UTStarcom became quite a large business, and I believe you also were involved with the founding of SoftBank China Venture Capital fund, an early VC in China. Could you share a bit more about that as well?

Lu: Charles Xue was one of the co-founders of UT Starcom, and he used to be in charge of R & D. One day he said: “Hong, our company is getting too big and I’m not really interested anymore. I want to start something else. Can you persuade Masa to create a China venture fund so we can invest in China?” I said sure. I persuaded Masa and he agreed. He gave us $90 million and we brought out $10 million to create the $100 million fund.

Harbinger: Tell us a bit more about SoftBank China Venture Capital and your investment in Alibaba.

Lu: I remember all of us listening to Jack Ma’s presentation (Masa, Charles, Wu Ying, Bill Huang, and me). None of us understood his business and we didn’t really think it was that exciting. We asked him, “Are you profitable?” We were very old fashioned because if you were not profitable, then you weren’t going to raise money.

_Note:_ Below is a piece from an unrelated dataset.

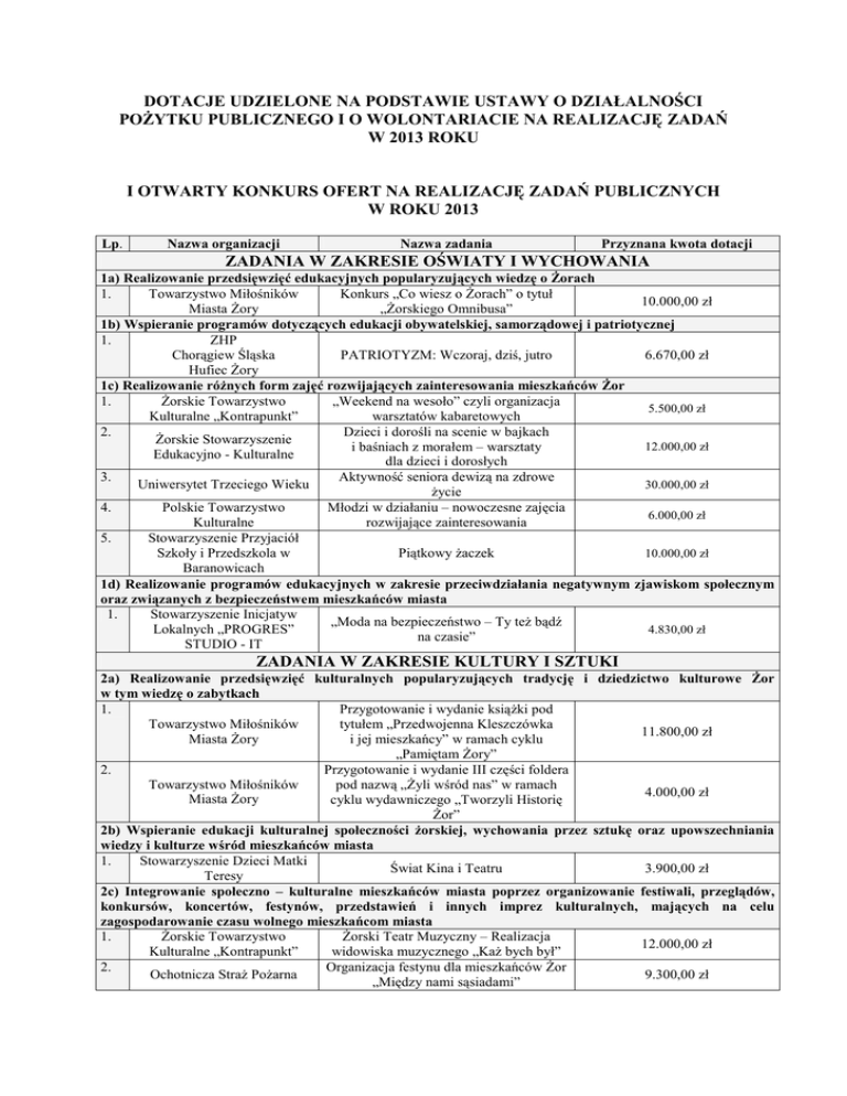 DOTACJE UDZIELONE NA PODSTAWIE USTAWY O DZIAŁALNOŚCI POŻYTKU PUBLICZNEGO I O WOLONTARIACIE NA REALIZACJĘ ZADAŃ W 2013 ROKU I OTWARTY KONKURS OFERT NA REALIZACJĘ ZADAŃ PUBLICZNYCH W ROKU 2013 Lp. Nazwa organizacji Nazwa zadania Przyznana kwota dotacji ZADANIA W ZAKRESIE OŚWIATY I WYCHOWANIA 1a) Realizowanie przedsięwzięć edukacyjnych popularyzujących wiedzę o Żorach 1. Towarzystwo Miłośników Konkurs „Co wiesz o Żorach” o tytuł 10.000,00 zł Miasta Żory „Żorskiego Omnibusa” 1b) Wspieranie programów dotyczących edukacji obywatelskiej, samorządowej i patriotycznej 1. ZHP Chorągiew Śląska PATRIOTYZM: Wczoraj, dziś, jutro 6.670,00 zł Hufiec Żory 1c) Realizowanie różnych form zajęć rozwijających zainteresowania mieszkańców Żor 1. Żorskie Towarzystwo „Weekend na wesoło” czyli organizacja 5.500,00 zł Kulturalne „Kontrapunkt” warsztatów kabaretowych 2. Dzieci i dorośli na scenie w bajkach Żorskie Stowarzyszenie 12.000,00 zł i baśniach z morałem – warsztaty Edukacyjno - Kulturalne dla dzieci i dorosłych 3. Aktywność seniora dewizą na zdrowe 30.000,00 zł Uniwersytet Trzeciego Wieku życie 4. Polskie Towarzystwo Młodzi w działaniu – nowoczesne zajęcia 6.000,00 zł Kulturalne rozwijające zainteresowania 5. Stowarzyszenie Przyjaciół 10.000,00 zł Szkoły i Przedszkola w Piątkowy żaczek Baranowicach 1d) Realizowanie programów edukacyjnych w zakresie przeciwdziałania negatywnym zjawiskom społecznym oraz związanych z bezpieczeństwem mieszkańców miasta 1. Stowarzyszenie Inicjatyw „Moda na bezpieczeństwo – Ty też bądź 4.830,00 zł Lokalnych „PROGRES” na czasie” STUDIO - IT ZADANIA W ZAKRESIE KULTURY I SZTUKI 2a) Realizowanie przedsięwzięć kulturalnych popularyzujących tradycję i dziedzictwo kulturowe Żor w tym wiedzę o zabytkach 1. Przygotowanie i wydanie książki pod Towarzystwo Miłośników tytułem „Przedwojenna Kleszczówka 11.800,00 zł Miasta Żory i jej mieszkańcy” w ramach cyklu „Pamiętam Żory” 2. Przygotowanie i wydanie III części foldera Towarzystwo Miłośników pod nazwą „Żyli wśród nas” w ramach 4.000,00 zł Miasta Żory cyklu wydawniczego „Tworzyli Historię Żor” 2b) Wspieranie edukacji kulturalnej społeczności żorskiej, wychowania przez sztukę oraz upowszechniania wiedzy i kulturze wśród mieszkańców miasta 1. Stowarzyszenie Dzieci Matki Świat Kina i Teatru 3.900,00 zł Teresy 2c) Integrowanie społeczno – kulturalne mieszkańców miasta poprzez organizowanie festiwali, przeglądów, konkursów, koncertów, festynów, przedstawień i innych imprez kulturalnych, mających na celu zagospodarowanie czasu wolnego mieszkańcom miasta 1. Żorskie Towarzystwo Żorski Teatr Muzyczny – Realizacja 12.000,00 zł Kulturalne „Kontrapunkt” widowiska muzycznego „Każ bych był” 2. Organizacja festynu dla mieszkańców Żor Ochotnicza Straż Pożarna 9.300,00 zł „Między nami sąsiadami” 3. 4. 5. 6 Rzymskokatolicka Parafia św. Stanisława Stowarzyszenie Międzykulturowe MALOKA Towarzystwo Wspierania Twórczości Dzieci i Młodzieży BALLO Stowarzyszenie Inicjatyw Twórczych „Kreator” Kulturalny festyn u św. Stanisława II Żorski Festiwal Podróży i Nauki OPINIE 8.000,00 zł 20.000,00 zł Grudniowe Marzenia – „Krok Po Kroku Do Sukcesu” 4.000,00 zł Letnie spotkania z tańcem 12.000,00 zł ZADANIA W ZAKRESIE OCHRONY I PROMOCJI ZDROWIA 3a) Organizowanie zajęć ruchowych dla kobiet po mastektomii 1. Stowarzyszenie Organizacja zajęć ruchowych dla kobiet 2.500,00 zł „AMAZONKI” po mastektomii „AMAZONKI” 3c) Realizowanie programów dla osób nieuleczalnie chorych i ich rodzin w zakresie działań wspierających – nie będących świadczeniami zdrowotnymi 1. Działania wspierające w zakresie wczesnej rehabilitacji dzieci Regionalna Fundacja Pomocy niewidome i niedowidzące 3.234,90 zł Niewidomym ze sprzężoną niepełnosprawnością, w wieku do 7 lat, oraz ich rodziny z terenu miasta Żory ZADANIA W ZAKRESIE KULTURY FIZYCZNEJ I SPORTU 4a) Organizowanie na terenie Miasta otwartych dla mieszkańców sportowo – rekreacyjnych i widowisk sportowych 1. Kurkowe Bractwo Strzeleckie Organizacja otwartych zawodów strzeleckich dla mieszkańców miasta Żory z okazji Rocznicy Uchwalenia Konstytucji 3 Maja w dniu 3 maja 2013 r. oraz Dnia Niepodległości w dniu 11 listopada 2013r. na leśnej strzelnicy kulowej „Dębina” 2. Baseballowy Uczniowski Klub Organizacja Międzynarodowego Turnieju Sportowy „Gepardy” Kadetów i Juniorów w Baseballu 3. Hokej Stołowy – nowa dyscyplina Klub Sportowy „Ogień Żory” w Żorach 4. LKS Baranowice Aktywna rodzina imprez sportowych, 12.000,00 zł 6.020,00 zł 6.000,00 zł 5.980,00 zł ZADANIA W ZAKRESIE PRZECIWDZIAŁANIA ALKOHOLIZMOWI 5a) Wspieranie działań podejmowanych na rzecz dzieci i młodzieży ze środowisk zagrożonych patologią w formie świetlic środowiskowych i terapeutycznych 1. Wspieranie działań podejmowanych Stowarzyszenie Pomocy na rzecz dzieci i młodzieży ze środowisk zagrożonych patologią 35.000,00 zł Dzieciom i Młodzieży „Po Prostu Partner” w formie świetlic środowiskowych i terapeutycznych 5b) Organizowanie pozalekcyjnych zajęć sportowych dla dzieci i młodzieży, jako alternatywy spędzania wolnego czasu, służących promocji zdrowego stylu życia 1. Młodzieżowy Klub Sportowy Z piłką po zdrowie i bezpieczeństwo 17.000,00 zł Żory ZADANIA W ZAKRESIE POMOCY SPOŁECZNEJ 6a) Prowadzenie na terenie Miasta świetlicy środowiskowej działającej w najbliższym środowisku lokalnym dziecka, jako placówki wspierającej rodziny w wychowaniu i sprawowaniu opieki nad dzieckiem 1. Prowadzenie na terenie Miasta świetlicy środowiskowej działającej w najbliższym środowisku lokalnym Caritas Archidiecezji dziecka, jako placówki wspierającej 105.000,00 zł Katowickiej rodziny w wychowaniu i sprawowaniu opieki nad dzieckiem 6c) Wspieranie działań na r

We didn’t see any sight of profitability, but Masa was so excited about the business and he said we should invest $18 million. Investing $18 million out of a $100 million fund was way off the whack. You don’t invest more than 10% of your fund in one company. But Masa said: “I can smell the money.” We were like, “All right, since you have 90% of the fund, we will agree with you.” So we went ahead and invested, but at the beginning, they kept running out of money, and Charles had to go there and ask them to step on the brakes at times. It was an investment made out of the China Venture Fund.

Harbinger: How do you spend your time today? What is on your mind in terms of what the next 10 to 20 years look like?

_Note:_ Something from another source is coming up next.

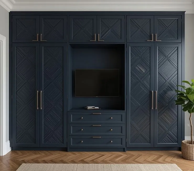 Стильный встроенный шкаф глубокого синего цвета с уникальной геометрической фрезеровкой на фасадах. Центральная ниша предназначена для телевизора, под ней расположены три просторных выдвижных ящика с изящной фурнитурой. Верхняя часть оснащена антресолями для дополнительного хранения. Контрастные металлические ручки подчёркивают современный и премиальный стиль мебели, создавая акцент в интерьере спальни или гостиной.
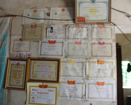 Những tấm giấy khen, bằng khen minh chứng cho thành tích học tập của Mến.

Lu: Well, a lot of the tech used to be created in the US, and then gradually copied and expanded in China. But now, a new concept is created from the localized needs of the market, and you see this all around the world. So innovation is really created by what is required by the market. It will be much more dynamic. It’s nothing like it used to be, where innovation had to come from the US The “time machine” way of doing business—where you see something successful, copy it, and bring it back—will shift to the instantaneous requirement of using available technology and finding the right solution.

Editor’s note: The opinions expressed in this article are Hong’s own and do not reflect the views of UT Starcom, Masa Son, or any companies and funds that Hong is affiliated with.